Prefetches and Proxies

Jody asks “Are ‘prefetch opens’ and ‘proxy opens’ the same thing?”

Non-human opens

An “open” is just someone (or something) fetching a remote image.

A non-human-interaction (NHI) open is where some sort of automation fetches the image without human interaction – i.e. it’s fetched when the automation feels like it, not triggered by a user opening a message.

Prefetched images

A pre-fetched open is a NHI open where the image is retrieved by some sort of automation prior to the user seeing the email. Describing it as prefetched implies that the users mail client won’t fetch the image again when the mail is read by a human, rather it’ll use that copy of the image it’s already got. (But it’s not always that simple, especially with users with multiple mail clients).
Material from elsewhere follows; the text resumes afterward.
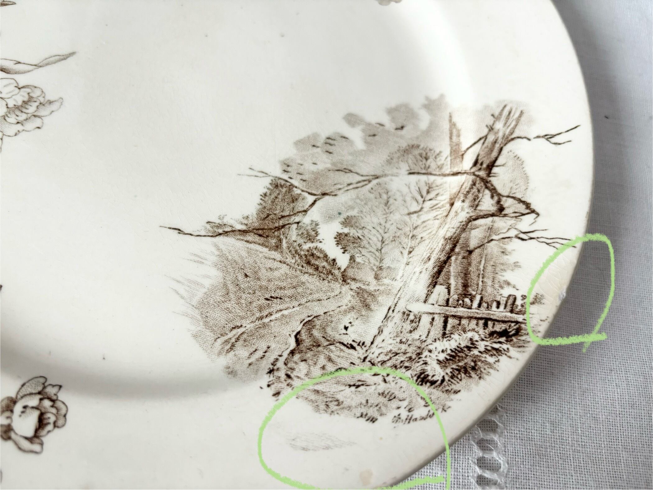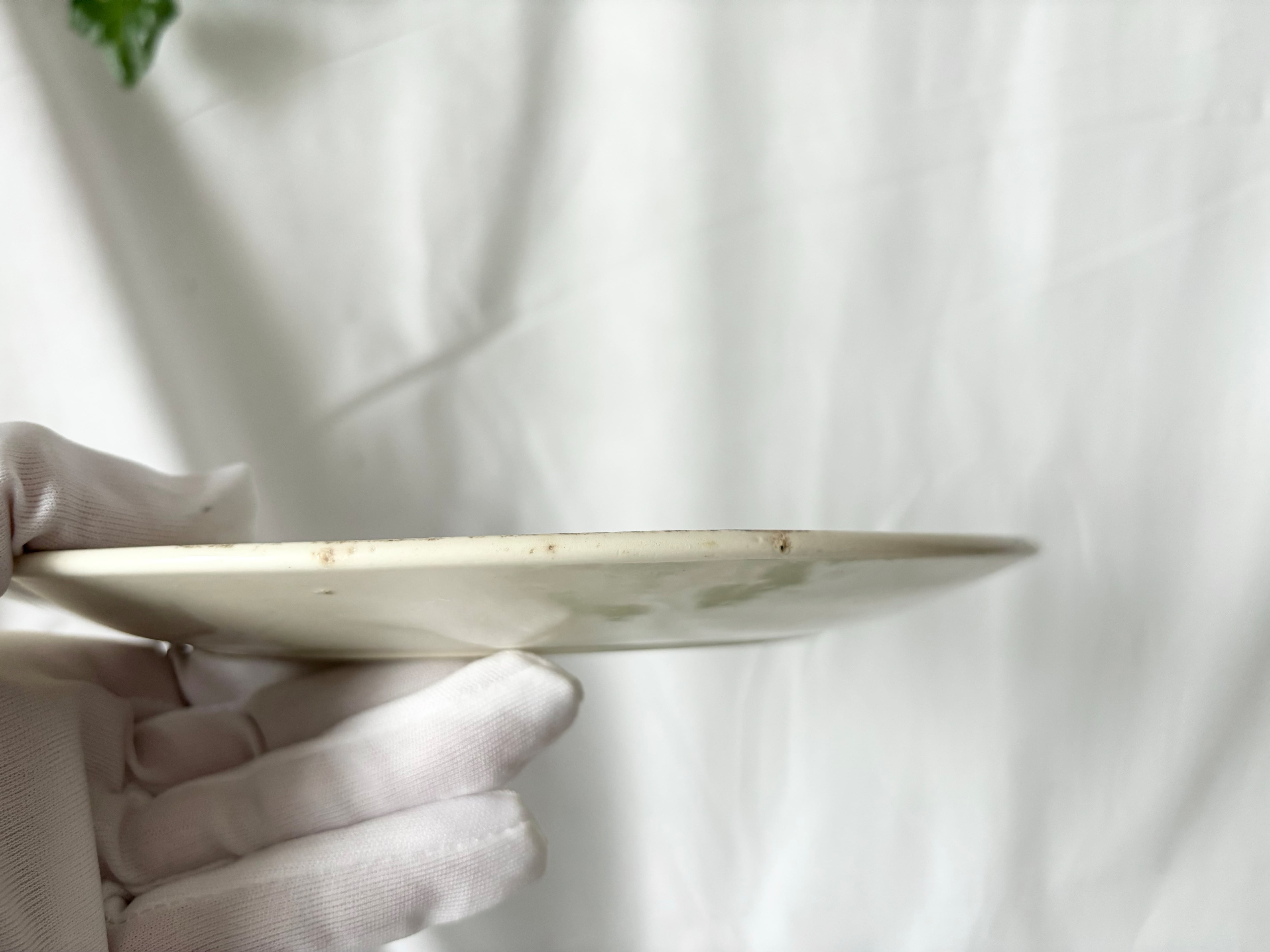 アイテムのコンディションとして、お皿全体に美しくクレイジングが広がっています。お皿の表面にカトラリー跡と小さな点々としたグレーの傷が認められます。絵柄に掠れや途切れた箇所を認められます。リムにうっすらとしたシミの一群があり、写真に印した様に、小傷とエナメルの塗り残し、や小さなシミがございます。お皿を横から見ると、制作時にできたと思われる突起と、小さな傷、薄いシミがいくつかございます。裏側にも制作時にできたと思われる突起と極小さな傷がいくつかございます。刻印の側に茶色い色飛びがあり、刻印は少しぼやけていますが、艶やかでアンティークとして良い状態です。

Prefetches provide uncertainty about whether and when the image was seen by a human.

Proxied opens

A proxied open is where the entity that wants an image (maybe a humans mail client, maybe some automation) doesn’t fetch the image directly, rather it asks another system – the proxy – to fetch the image on it’s behalf. That means that the IP address fetching the image will be that of the proxy, and the browser metadata such as user-agent will be that of the proxy.

(The proxy may also modify the image, cache it across multiple users, compress it or do other things – but we don’t care about that so much when we’re talking about opens.)

Proxies provide uncertainty about what IP address a human was using when they saw the email, and what browser or mail client they use (and also eliminate some of the protocol-level tricks that can be used to track users over time and across different websites and mail senders).

Proxy opens are not necessarily NHI – the proxy may be doing work on behalf of a human, or they may be doing it for some automation.

Why not both?

You will often see systems that use both prefetches and proxies. They’re working together to provide uncertainty about whether the image was seen by a human, when it was seen by a human, the IP address (and hence network provider and geographic location) of the user, and any information that could be used to fingerprint and track the user.

All that uncertainty helps to protect the privacy of the user, making it more difficult to profile them and to track their behaviour.

Apple MPP is one of the higher profile mailbox providers that does this, but there are similar elements in other mail systems.